Reproduce the entire listing exactly. Leave the pictures out.

**DATA:**
________

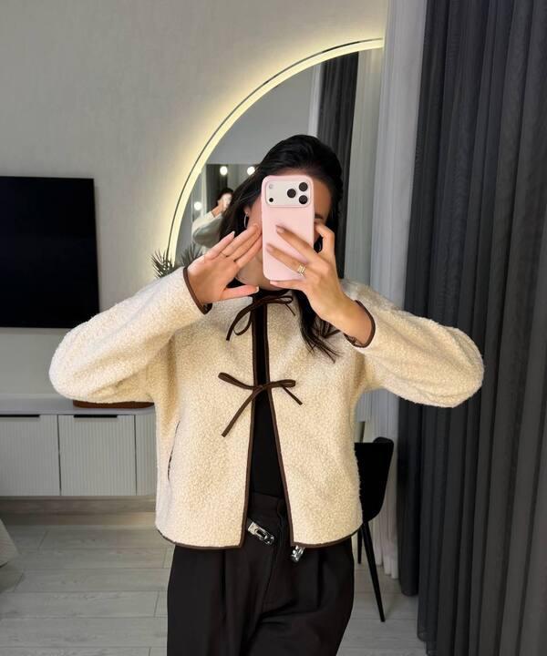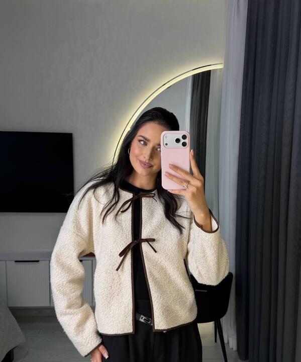 Бомбер из ткани барашек букле — это стильная и уютная модель, которая сразу привлекает внимание мягкой фактурой, аккуратным кроем и современным внешним видом. Такая вещь отлично подходит для весеннего гардероба, когда особенно хочется добавить в образ комфорт, легкость и визуально дорогую фактуру. Модель выглядит актуально, аккуратно и очень женственно, поэтому легко вписывается как в повседневные городские образы, так и в более собранные стильные сочетания на каждый день.
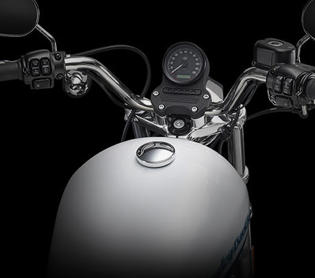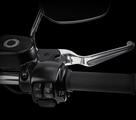 Wenn Sie den Lenker und die Lenkerarmaturen bequem ergreifen können, fühlen Sie sich auf Ihrem Motorrad wohl. Und das ist gerade dann der Fall, wenn Sie am Gasgriff einer Harley-Davidson drehen. Es fühlt sich gut an, und es ist komfortabel. Sie sind mit sich, Ihrem Bike und der Straße im Einklang. Bei der Entwicklung der neuen Lenkerarmaturen haben wir keine Mühen gescheut, um die Bedienung so intuitiv, sanft und reibungslos wie möglich zu gestalten. Damit Sie sich auf das konzentrieren können, was Sie hinter der nächsten Kurve erwartet und nicht auf das, was unter Ihren Daumen liegt. Dazu gehören Funktionen wie die selbstrückstellenden Blinker, und Bremshebel, die Sie mühelos ergreifen. Neu sind auch der Trip Switch und der Starter, denn die Zündung wird an allen Sportster Modellen schlüssellos aktiviert. Vermeintliche Details, die Ihnen unterwegs äußerst hilfreich sein werden, vermeintliche Details, für die Harley-Davidson bekannt ist.
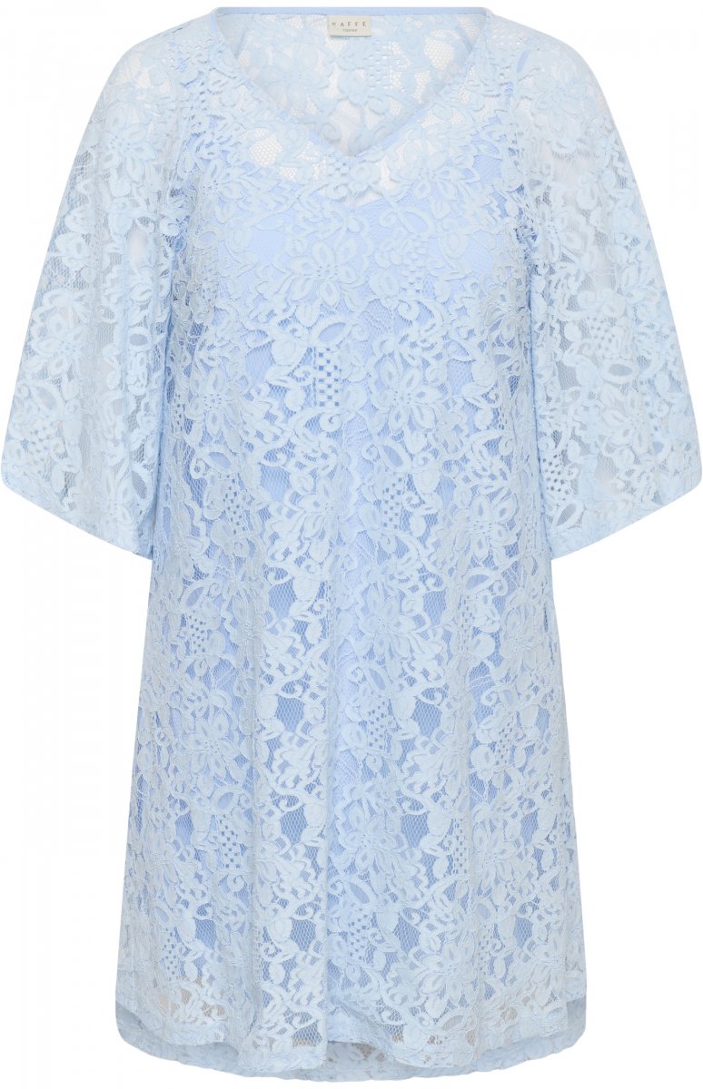 OblekaNa voljo v velikostih 42–54Od blagovne znamke Kaffe CurveMaterial: 80 % bombaž, 20 % poliamidA-krojBarva je modraKliknite tu za prikaz tabele velikosti

________

**THE ANSWER:**
 Бомбер из ткани барашек букле — это стильная и уютная модель, которая сразу привлекает внимание мягкой фактурой, аккуратным кроем и современным внешним видом. Такая вещь отлично подходит для весеннего гардероба, когда особенно хочется добавить в образ комфорт, легкость и визуально дорогую фактуру. Модель выглядит актуально, аккуратно и очень женственно, поэтому легко вписывается как в повседневные городские образы, так и в более собранные стильные сочетания на каждый день.
 Wenn Sie den Lenker und die Lenkerarmaturen bequem ergreifen können, fühlen Sie sich auf Ihrem Motorrad wohl. Und das ist gerade dann der Fall, wenn Sie am Gasgriff einer Harley-Davidson drehen. Es fühlt sich gut an, und es ist komfortabel. Sie sind mit sich, Ihrem Bike und der Straße im Einklang. Bei der Entwicklung der neuen Lenkerarmaturen haben wir keine Mühen gescheut, um die Bedienung so intuitiv, sanft und reibungslos wie möglich zu gestalten. Damit Sie sich auf das konzentrieren können, was Sie hinter der nächsten Kurve erwartet und nicht auf das, was unter Ihren Daumen liegt. Dazu gehören Funktionen wie die selbstrückstellenden Blinker, und Bremshebel, die Sie mühelos ergreifen. Neu sind auch der Trip Switch und der Starter, denn die Zündung wird an allen Sportster Modellen schlüssellos aktiviert. Vermeintliche Details, die Ihnen unterwegs äußerst hilfreich sein werden, vermeintliche Details, für die Harley-Davidson bekannt ist.
 OblekaNa voljo v velikostih 42–54Od blagovne znamke Kaffe CurveMaterial: 80 % bombaž, 20 % poliamidA-krojBarva je modraKliknite tu za prikaz tabele velikosti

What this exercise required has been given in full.